- [Instructions for the task]
Below are records; the lines starting at the one with "Popoln komplet za" and ending at the one with "FA49115# 复古气质时尚别致不对称拼接绑带西装外套 服裝批發女裝批發服飾貨源" must be reproduced exactly, both included. Pictures must not appear.

- [Excerpted data]

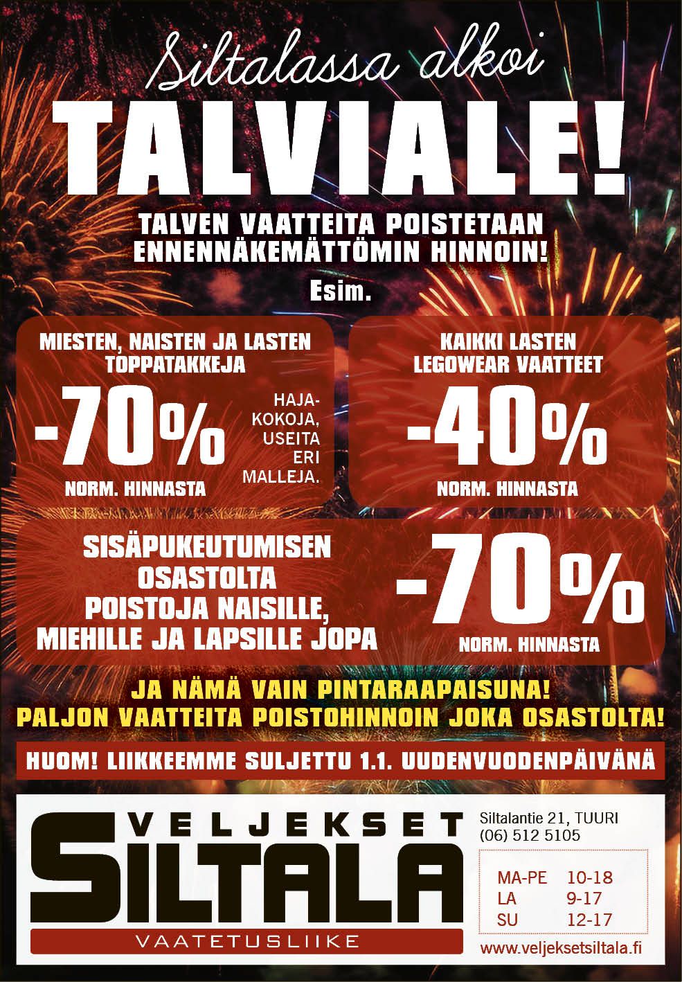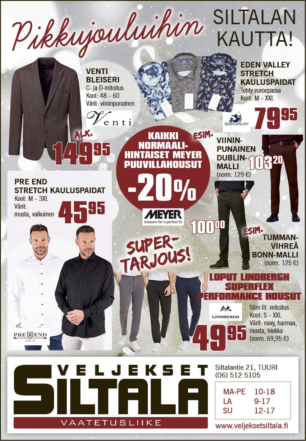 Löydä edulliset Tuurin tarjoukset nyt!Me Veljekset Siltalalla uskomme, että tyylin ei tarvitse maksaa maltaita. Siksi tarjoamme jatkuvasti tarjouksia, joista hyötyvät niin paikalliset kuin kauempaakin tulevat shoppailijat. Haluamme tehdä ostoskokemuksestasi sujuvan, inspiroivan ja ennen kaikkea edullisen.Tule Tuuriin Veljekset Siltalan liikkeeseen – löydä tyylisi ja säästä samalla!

--

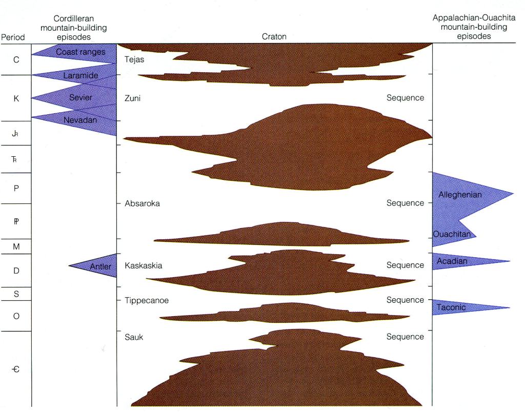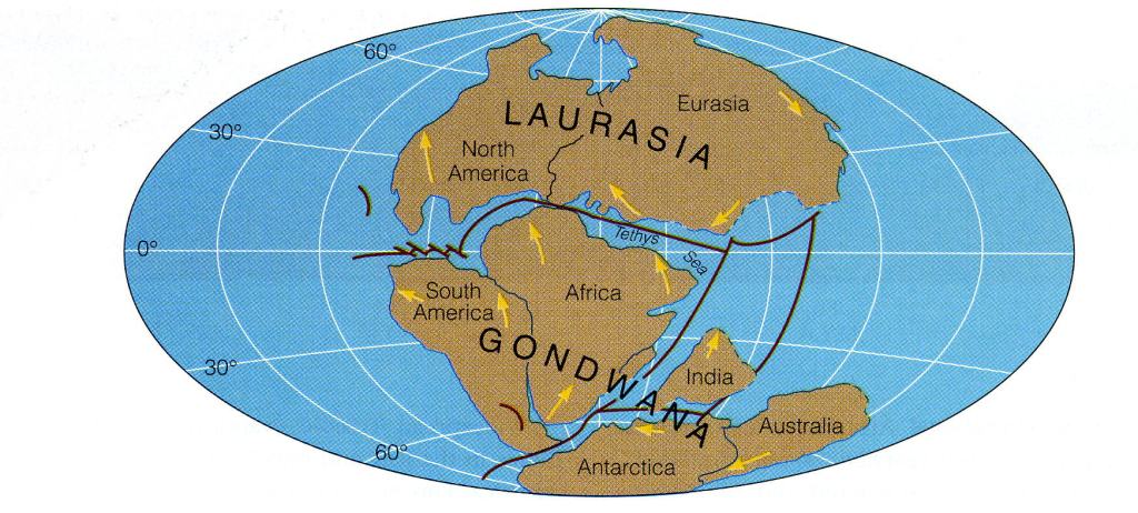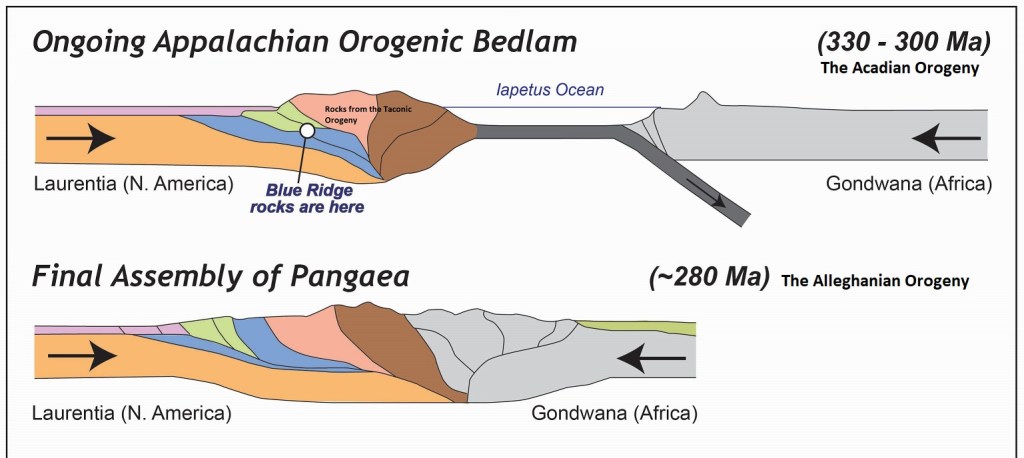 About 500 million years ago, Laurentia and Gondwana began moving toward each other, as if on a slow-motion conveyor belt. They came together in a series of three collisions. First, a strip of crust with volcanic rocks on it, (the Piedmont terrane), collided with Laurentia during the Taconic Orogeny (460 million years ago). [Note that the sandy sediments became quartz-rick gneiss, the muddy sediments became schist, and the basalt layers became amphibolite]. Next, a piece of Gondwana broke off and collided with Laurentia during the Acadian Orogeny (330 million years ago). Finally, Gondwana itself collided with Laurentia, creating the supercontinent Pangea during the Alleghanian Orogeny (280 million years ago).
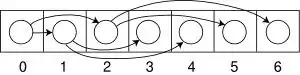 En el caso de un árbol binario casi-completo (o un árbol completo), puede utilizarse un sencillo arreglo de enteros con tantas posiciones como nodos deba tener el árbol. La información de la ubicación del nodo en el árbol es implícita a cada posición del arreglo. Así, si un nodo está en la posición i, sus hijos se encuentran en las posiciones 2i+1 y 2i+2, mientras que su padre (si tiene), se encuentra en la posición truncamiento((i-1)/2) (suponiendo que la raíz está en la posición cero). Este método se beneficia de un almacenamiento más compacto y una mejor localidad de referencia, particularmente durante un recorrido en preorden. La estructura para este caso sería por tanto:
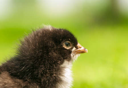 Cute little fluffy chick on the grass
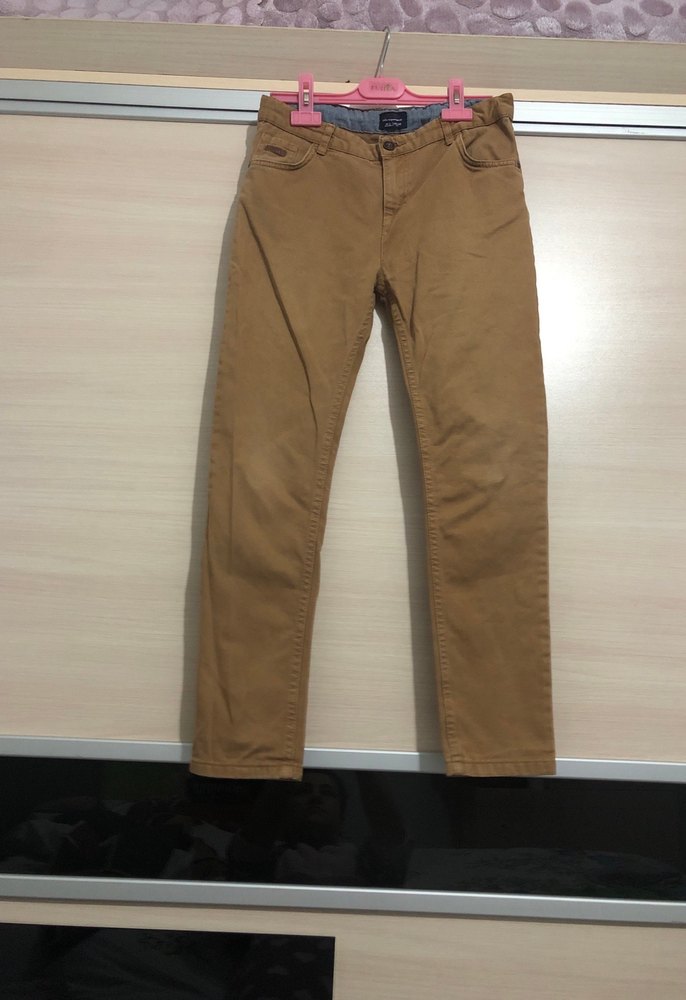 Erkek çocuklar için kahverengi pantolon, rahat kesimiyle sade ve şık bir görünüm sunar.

...

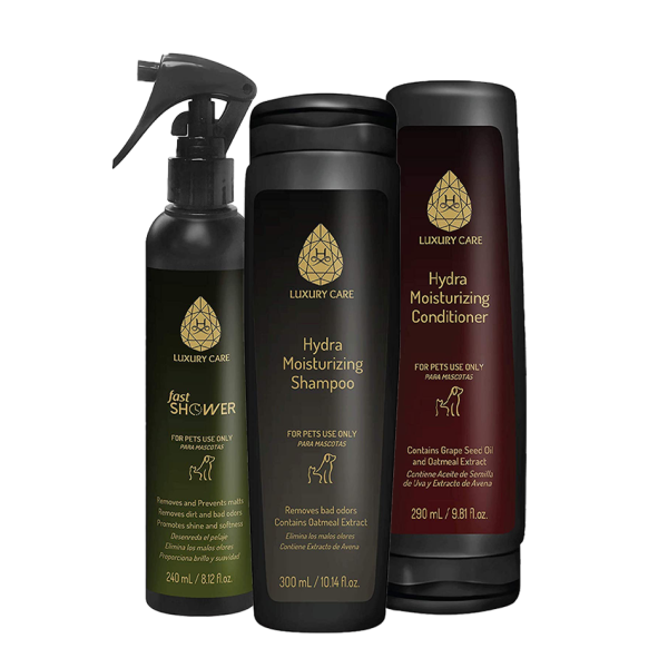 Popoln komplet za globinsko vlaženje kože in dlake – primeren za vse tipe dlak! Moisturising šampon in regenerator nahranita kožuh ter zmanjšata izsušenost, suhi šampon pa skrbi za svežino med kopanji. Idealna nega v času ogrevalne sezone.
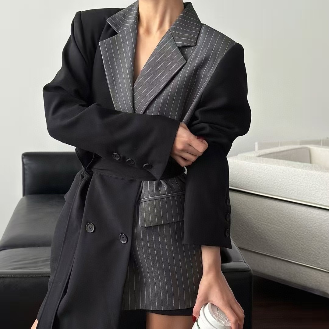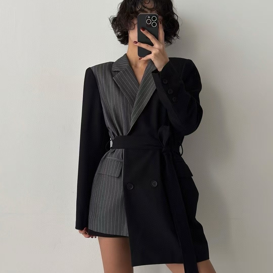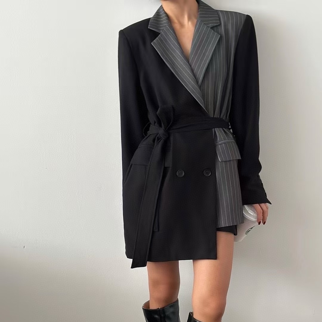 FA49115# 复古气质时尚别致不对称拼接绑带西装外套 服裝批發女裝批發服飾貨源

- [Your solution]
 Popoln komplet za globinsko vlaženje kože in dlake – primeren za vse tipe dlak! Moisturising šampon in regenerator nahranita kožuh ter zmanjšata izsušenost, suhi šampon pa skrbi za svežino med kopanji. Idealna nega v času ogrevalne sezone.
 FA49115# 复古气质时尚别致不对称拼接绑带西装外套 服裝批發女裝批發服飾貨源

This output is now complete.